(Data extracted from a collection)
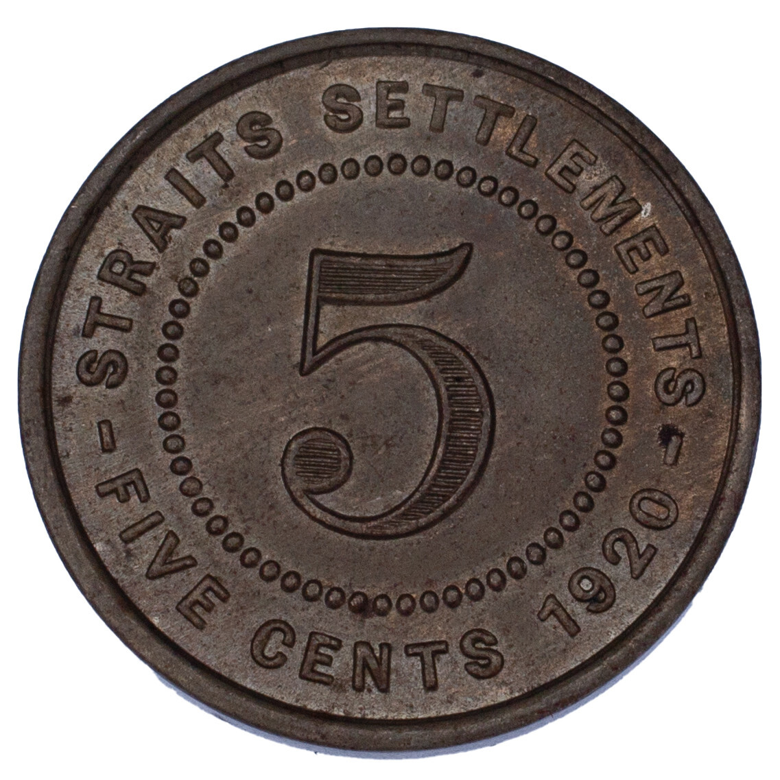 - 1920 Asentamientos De Los Estrechos 5 Centavos En XF, KM# 34
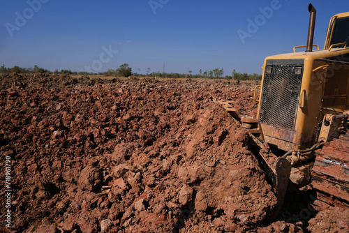 © Noppalit, Obraz premium Dozer is pushing dirt. Bulldozer is working gravel surface for new road.
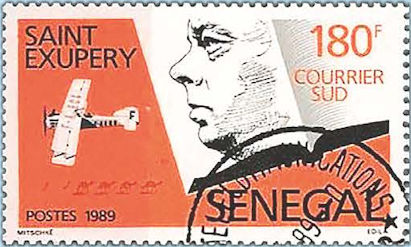 Сенегальская почтовая марка с изображением Антуана де Сент-Экзюпери, работавшего пилотом в авиакомпании «Латекоер», и силуэтом самолета Бреге XIV над песками Северной Африки
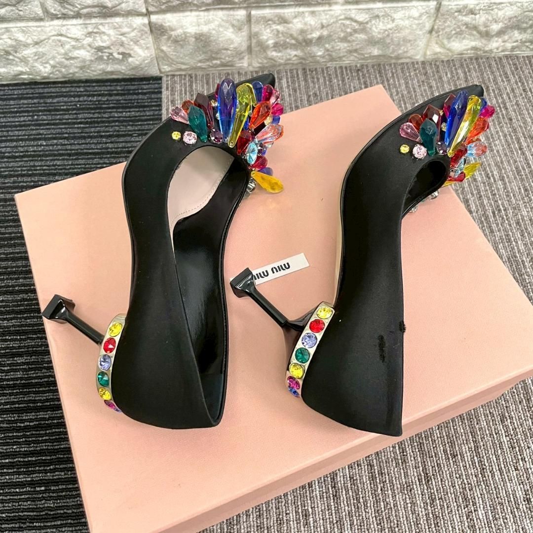 ミュウミュウ サテン マルチカラー ビジュー パンプスになります。
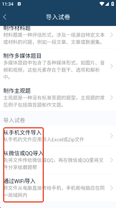 点击左上角菜单按钮,选择“USB”或直接点击“导入试卷”按钮。
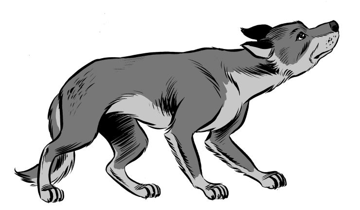 Hij staat recht op zijn poten. Zijn kop is omhoog.
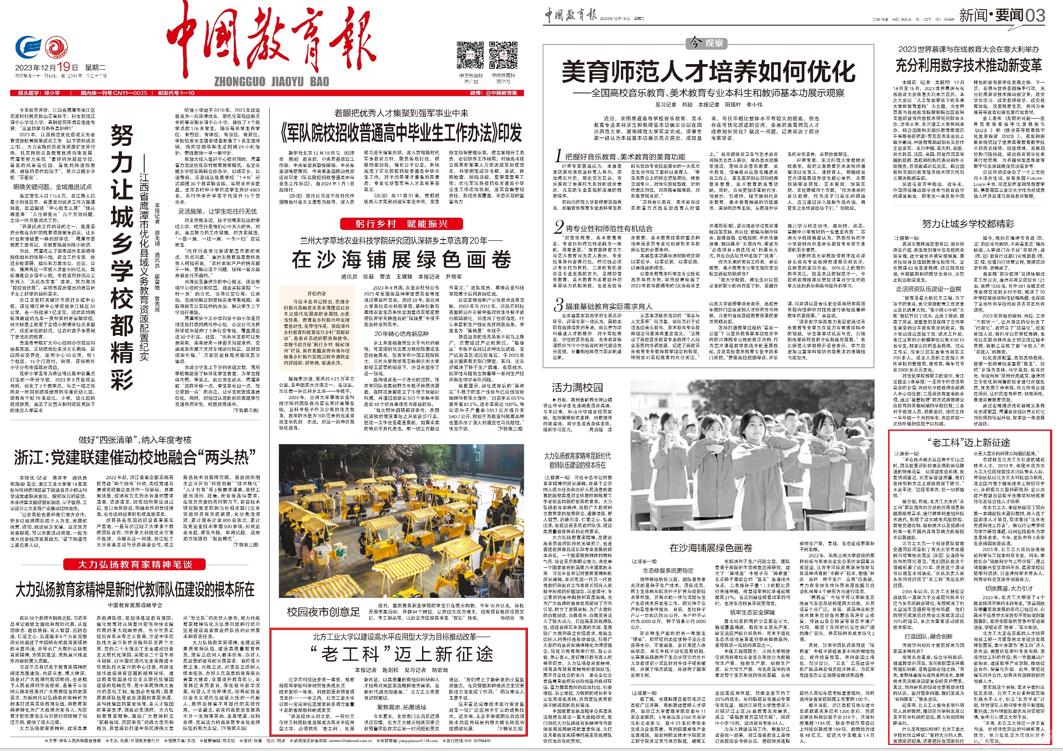 12月19日,《中国教育报》在头版和第三版以《“老工科”迈上新征途——Beat365官方网站以建设高水平应用型大学为目标推动改革》为题,报道Beat365落实分类发展要求,依托“老工科”,拓展新内涵,聚焦国家战略和地方需求,实现转型发展,在新时代跑出“加速度”的经验做法。

#### Problem description:
Once the pictures are set aside, give every line above again without alteration.

#### Answer to the problem:
 - 1920 Asentamientos De Los Estrechos 5 Centavos En XF, KM# 34
 © Noppalit, Obraz premium Dozer is pushing dirt. Bulldozer is working gravel surface for new road.
 Сенегальская почтовая марка с изображением Антуана де Сент-Экзюпери, работавшего пилотом в авиакомпании «Латекоер», и силуэтом самолета Бреге XIV над песками Северной Африки
 ミュウミュウ サテン マルチカラー ビジュー パンプスになります。
 点击左上角菜单按钮,选择“USB”或直接点击“导入试卷”按钮。
 Hij staat recht op zijn poten. Zijn kop is omhoog.
 12月19日,《中国教育报》在头版和第三版以《“老工科”迈上新征途——Beat365官方网站以建设高水平应用型大学为目标推动改革》为题,报道Beat365落实分类发展要求,依托“老工科”,拓展新内涵,聚焦国家战略和地方需求,实现转型发展,在新时代跑出“加速度”的经验做法。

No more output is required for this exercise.